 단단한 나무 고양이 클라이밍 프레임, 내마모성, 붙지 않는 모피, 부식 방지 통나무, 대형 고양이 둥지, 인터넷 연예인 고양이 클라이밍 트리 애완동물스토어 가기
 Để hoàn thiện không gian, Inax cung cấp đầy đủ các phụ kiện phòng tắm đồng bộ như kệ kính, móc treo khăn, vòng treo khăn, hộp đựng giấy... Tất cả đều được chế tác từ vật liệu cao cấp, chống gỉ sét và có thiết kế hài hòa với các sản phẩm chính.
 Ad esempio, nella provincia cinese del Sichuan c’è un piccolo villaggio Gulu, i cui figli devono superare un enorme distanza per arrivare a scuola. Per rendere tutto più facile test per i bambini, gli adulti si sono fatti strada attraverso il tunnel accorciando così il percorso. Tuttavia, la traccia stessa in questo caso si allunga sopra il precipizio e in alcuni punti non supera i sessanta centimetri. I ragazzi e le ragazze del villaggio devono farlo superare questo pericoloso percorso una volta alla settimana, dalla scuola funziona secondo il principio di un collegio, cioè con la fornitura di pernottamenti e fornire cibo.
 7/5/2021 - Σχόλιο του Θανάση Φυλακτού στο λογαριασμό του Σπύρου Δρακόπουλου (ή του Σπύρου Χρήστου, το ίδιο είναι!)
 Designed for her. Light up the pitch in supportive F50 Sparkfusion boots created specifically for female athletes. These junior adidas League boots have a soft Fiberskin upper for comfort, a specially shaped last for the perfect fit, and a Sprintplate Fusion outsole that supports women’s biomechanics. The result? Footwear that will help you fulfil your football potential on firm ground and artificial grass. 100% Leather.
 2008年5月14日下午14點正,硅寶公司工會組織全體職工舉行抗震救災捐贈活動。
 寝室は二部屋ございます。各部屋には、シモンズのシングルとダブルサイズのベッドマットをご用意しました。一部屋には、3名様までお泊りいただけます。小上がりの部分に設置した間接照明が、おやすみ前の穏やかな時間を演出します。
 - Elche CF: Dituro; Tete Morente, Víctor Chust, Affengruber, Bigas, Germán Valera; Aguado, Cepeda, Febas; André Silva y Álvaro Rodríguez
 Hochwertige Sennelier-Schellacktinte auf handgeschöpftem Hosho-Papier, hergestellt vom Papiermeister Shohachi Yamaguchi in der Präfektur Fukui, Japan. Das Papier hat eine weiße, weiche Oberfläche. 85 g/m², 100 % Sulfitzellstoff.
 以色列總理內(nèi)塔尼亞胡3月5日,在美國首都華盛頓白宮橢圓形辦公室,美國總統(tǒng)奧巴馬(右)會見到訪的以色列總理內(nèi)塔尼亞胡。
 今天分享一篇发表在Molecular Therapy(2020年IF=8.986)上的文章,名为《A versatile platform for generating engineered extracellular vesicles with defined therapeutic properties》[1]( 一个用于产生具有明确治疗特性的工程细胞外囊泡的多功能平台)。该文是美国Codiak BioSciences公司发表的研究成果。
########################################
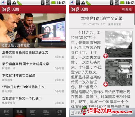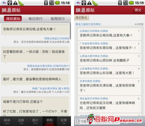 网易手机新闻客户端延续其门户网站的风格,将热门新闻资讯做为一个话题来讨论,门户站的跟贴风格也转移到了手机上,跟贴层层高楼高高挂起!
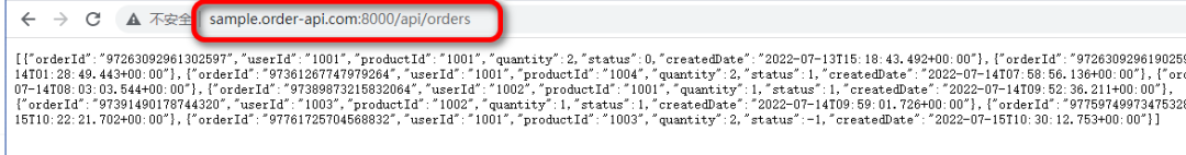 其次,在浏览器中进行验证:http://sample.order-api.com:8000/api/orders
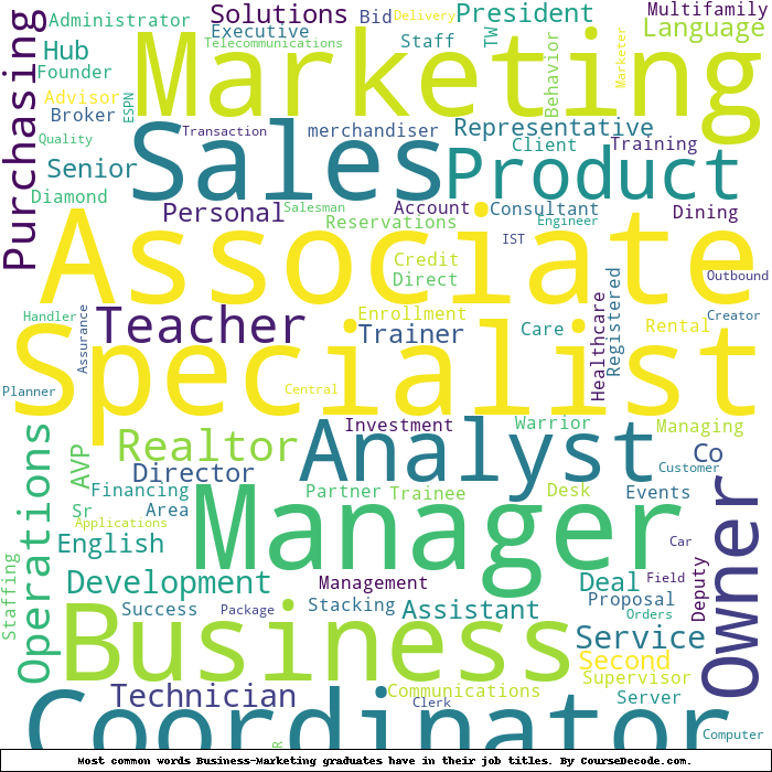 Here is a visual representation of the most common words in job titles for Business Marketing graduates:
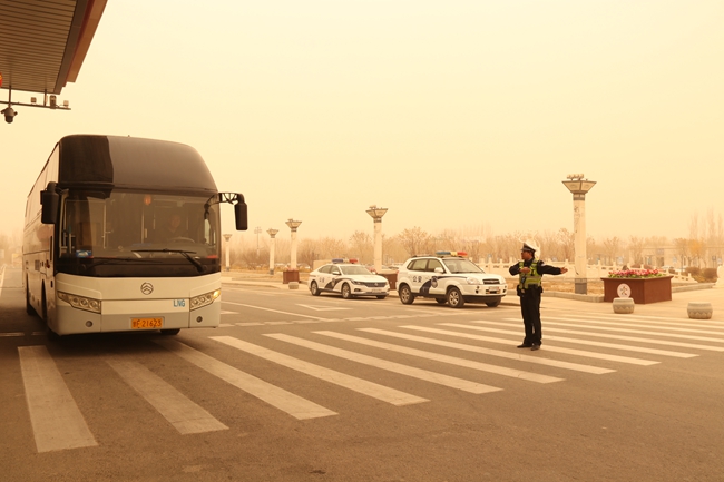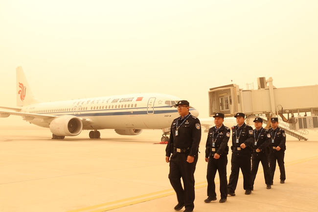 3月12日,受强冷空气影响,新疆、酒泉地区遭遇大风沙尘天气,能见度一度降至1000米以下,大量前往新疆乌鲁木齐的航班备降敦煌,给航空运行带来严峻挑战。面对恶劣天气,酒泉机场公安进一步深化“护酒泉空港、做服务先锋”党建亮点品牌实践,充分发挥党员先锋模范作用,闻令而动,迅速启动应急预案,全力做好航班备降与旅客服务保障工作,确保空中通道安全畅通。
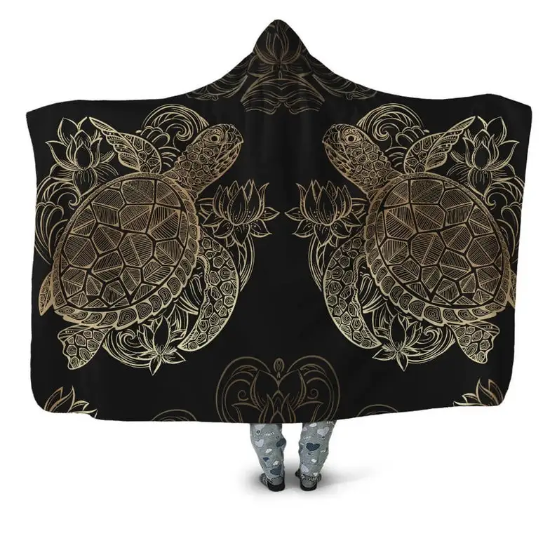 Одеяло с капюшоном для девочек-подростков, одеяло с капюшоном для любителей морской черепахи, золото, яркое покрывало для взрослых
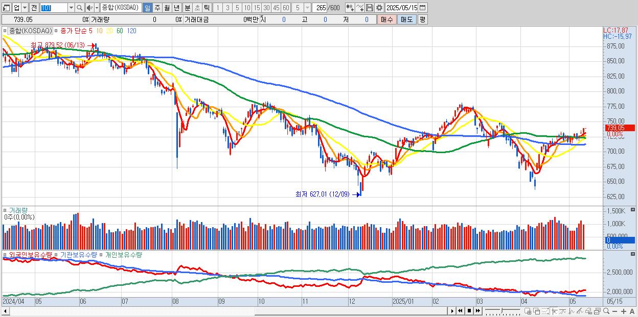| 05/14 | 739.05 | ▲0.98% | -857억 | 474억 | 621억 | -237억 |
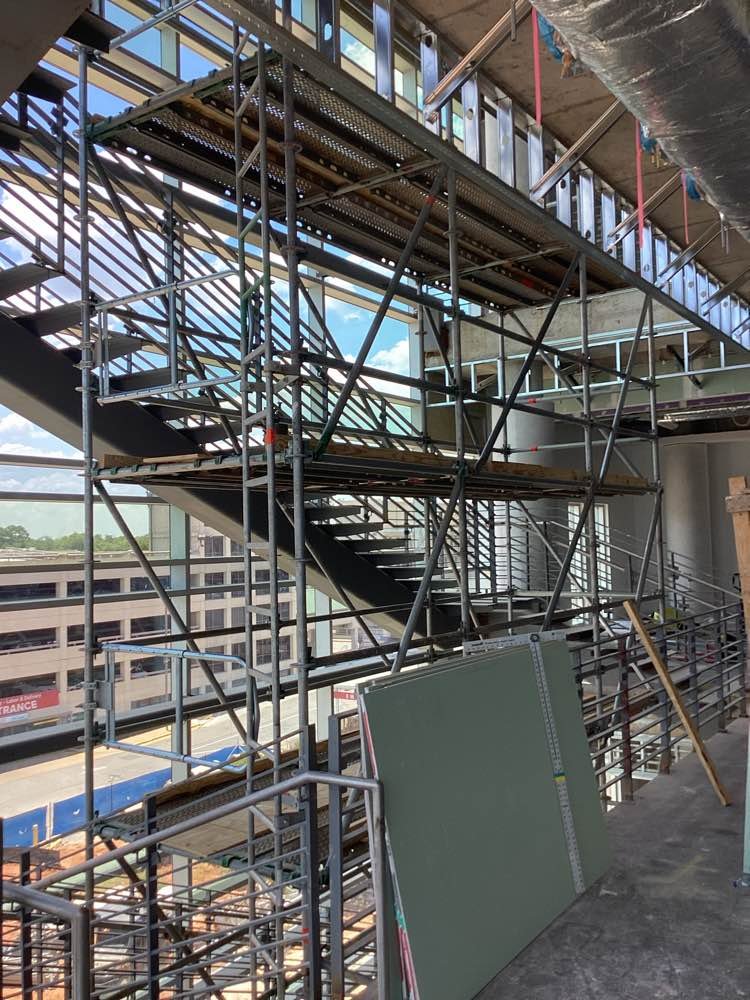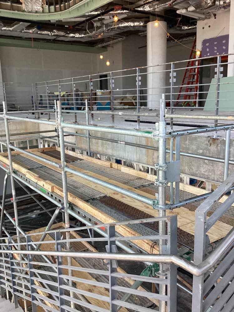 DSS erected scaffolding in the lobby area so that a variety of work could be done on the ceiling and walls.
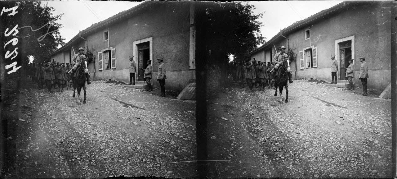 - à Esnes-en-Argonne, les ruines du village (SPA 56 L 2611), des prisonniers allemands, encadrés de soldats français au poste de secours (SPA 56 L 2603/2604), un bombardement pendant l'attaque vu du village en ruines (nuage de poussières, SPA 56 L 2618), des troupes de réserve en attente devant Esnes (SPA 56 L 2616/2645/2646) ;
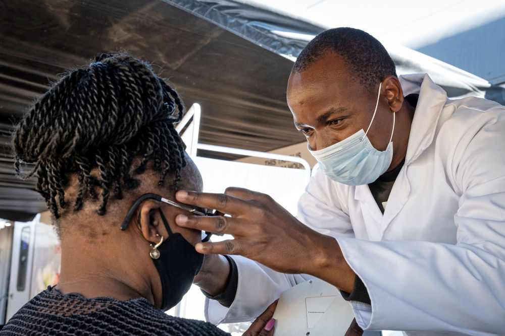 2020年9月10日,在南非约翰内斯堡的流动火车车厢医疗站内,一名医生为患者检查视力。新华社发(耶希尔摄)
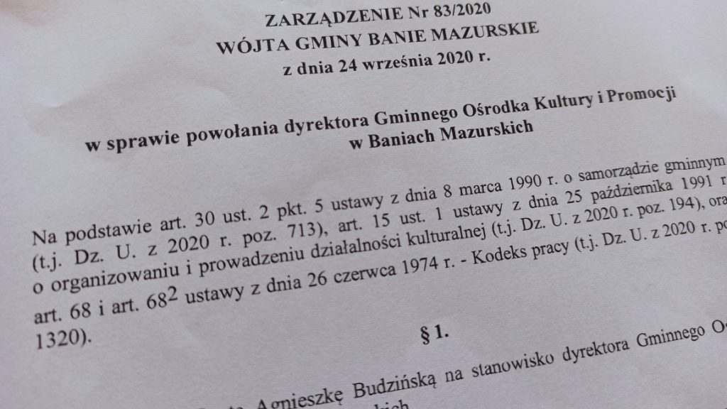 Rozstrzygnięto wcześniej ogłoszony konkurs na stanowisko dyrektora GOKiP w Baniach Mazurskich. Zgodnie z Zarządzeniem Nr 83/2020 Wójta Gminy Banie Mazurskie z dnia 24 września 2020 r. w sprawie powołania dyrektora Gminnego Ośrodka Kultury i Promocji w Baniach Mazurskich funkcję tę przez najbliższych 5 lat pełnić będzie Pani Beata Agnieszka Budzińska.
########################################
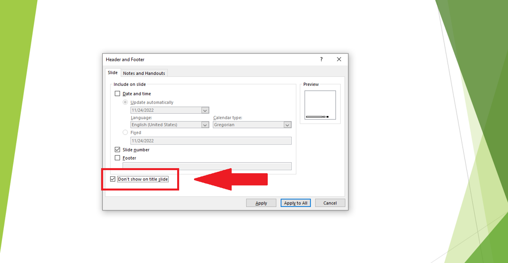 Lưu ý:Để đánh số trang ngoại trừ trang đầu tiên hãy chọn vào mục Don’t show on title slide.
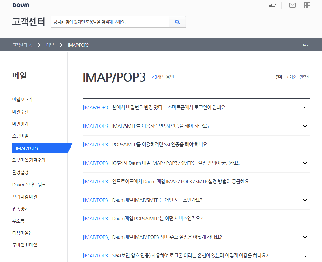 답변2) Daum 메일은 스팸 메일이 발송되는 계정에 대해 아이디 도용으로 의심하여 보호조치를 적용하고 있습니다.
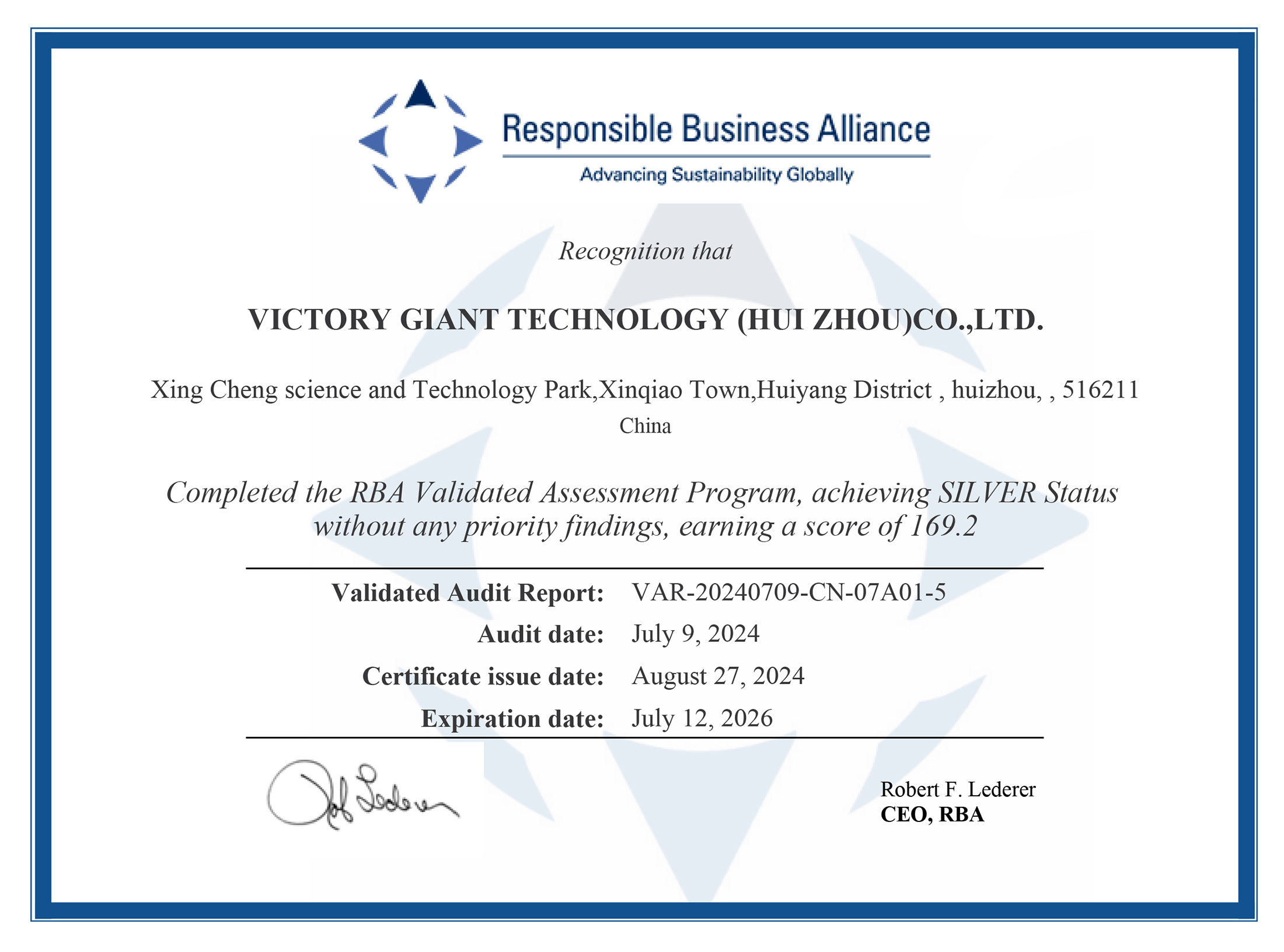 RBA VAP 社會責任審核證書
########################################
• Task goal: From the entries above, print the lines beginning at the one with "단단한 나무 고양이 클라이밍" and stopping after the one with "Để hoàn thiện", exactly as written and with nothing else.

• Expected output:
 단단한 나무 고양이 클라이밍 프레임, 내마모성, 붙지 않는 모피, 부식 방지 통나무, 대형 고양이 둥지, 인터넷 연예인 고양이 클라이밍 트리 애완동물스토어 가기
 Để hoàn thiện không gian, Inax cung cấp đầy đủ các phụ kiện phòng tắm đồng bộ như kệ kính, móc treo khăn, vòng treo khăn, hộp đựng giấy... Tất cả đều được chế tác từ vật liệu cao cấp, chống gỉ sét và có thiết kế hài hòa với các sản phẩm chính.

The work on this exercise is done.